▸ PROBLEM DETAILS:
Only the lines from the one with "王海洋 教授 星空app官网创新论坛第一千二百八十九讲暨120周年校庆年系列活动: 功能基因组学研究助力作物分子育种" to the end of the listing below should be set down, exactly as written and without any pictures.

▸ DATA BLOCK:
######

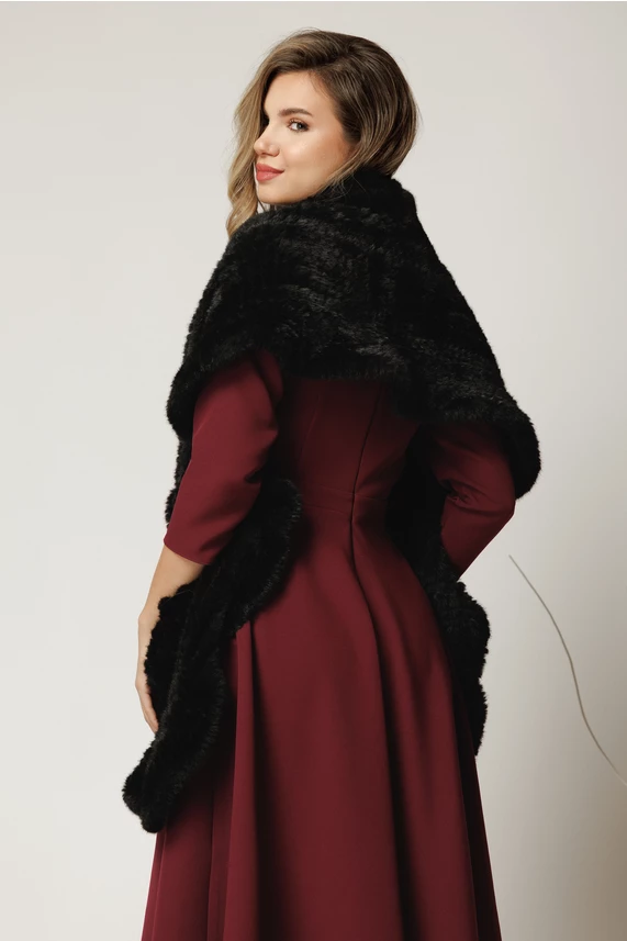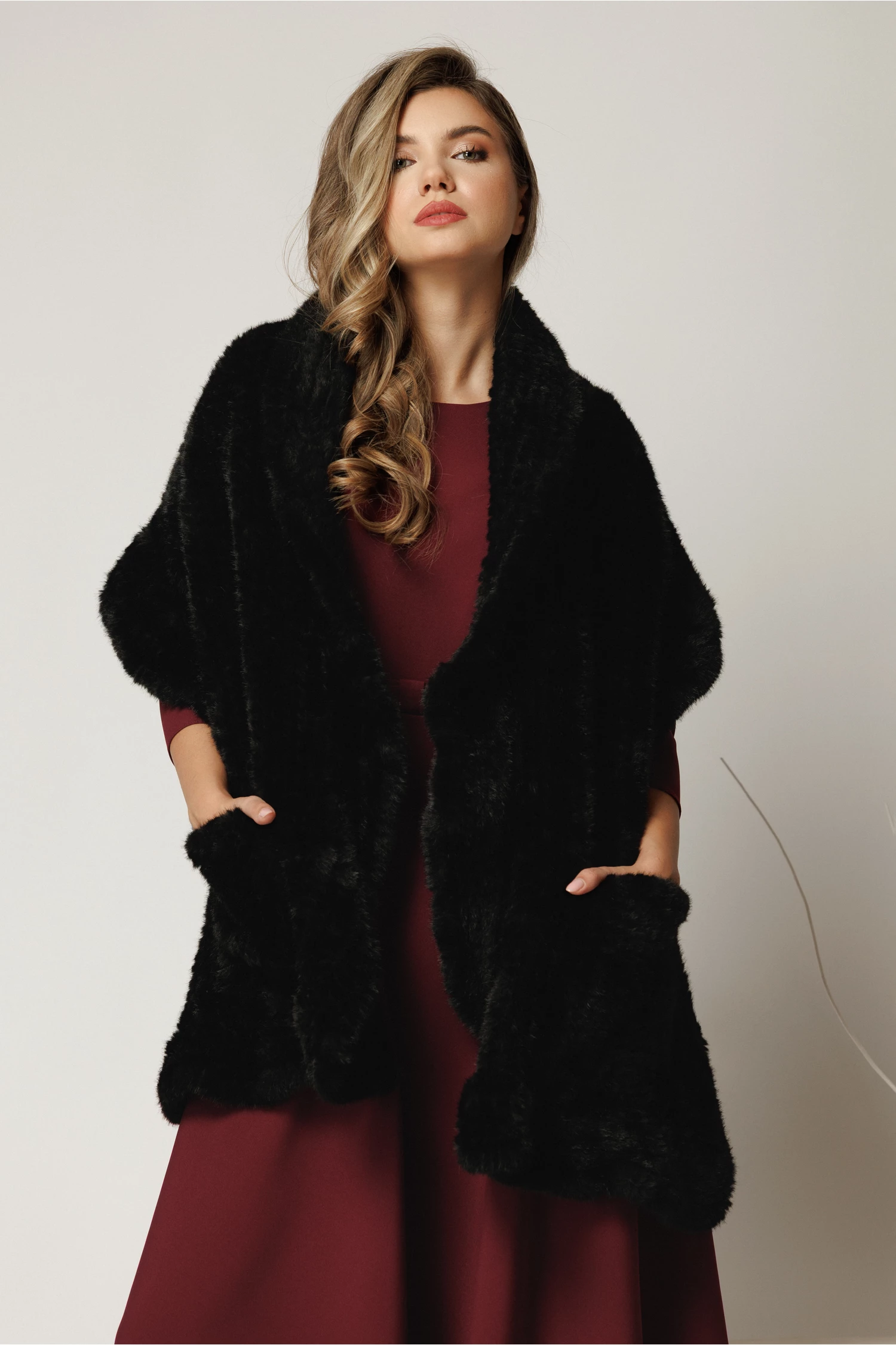 Capa eleganta din blana neagra cu decolteu in V, rever tip sal, buzunare functionale si inchidere cu sistem mos-baba.
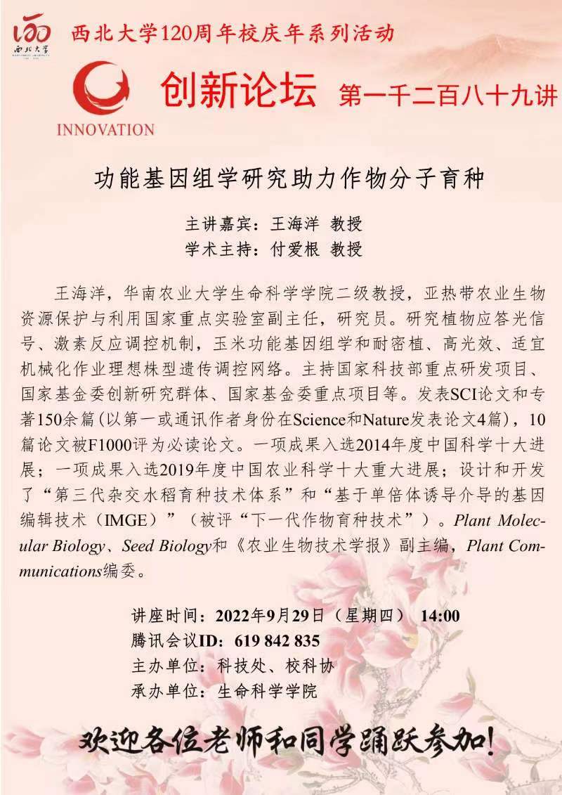 王海洋 教授 星空app官网创新论坛第一千二百八十九讲暨120周年校庆年系列活动: 功能基因组学研究助力作物分子育种 讲座时间 2022年9月29日(星期四) 14:00 讲座地点 腾讯会议 619 842 835 讲座人介绍 王海洋 教授 讲座内容
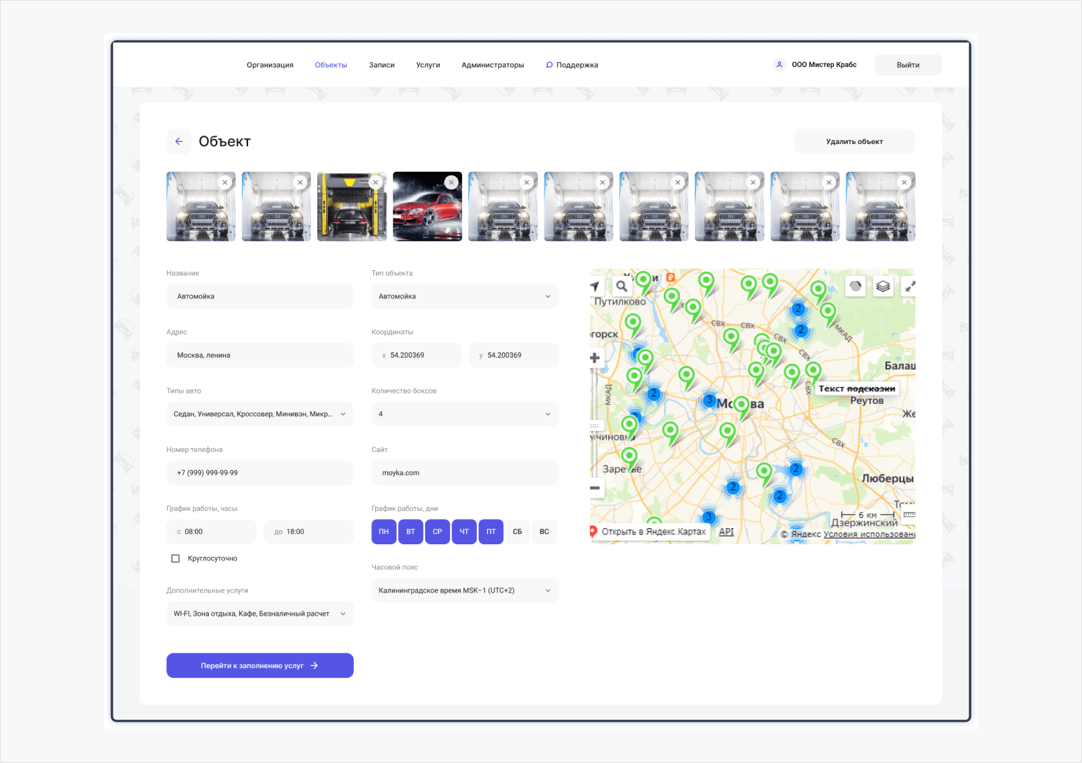 В панели администратора можно редактировать данные об автомойке, добавлять фотографии, редактировать описание и график работы.

######

▸ EXERCISE OUTPUT:
 王海洋 教授 星空app官网创新论坛第一千二百八十九讲暨120周年校庆年系列活动: 功能基因组学研究助力作物分子育种 讲座时间 2022年9月29日(星期四) 14:00 讲座地点 腾讯会议 619 842 835 讲座人介绍 王海洋 教授 讲座内容
 В панели администратора можно редактировать данные об автомойке, добавлять фотографии, редактировать описание и график работы.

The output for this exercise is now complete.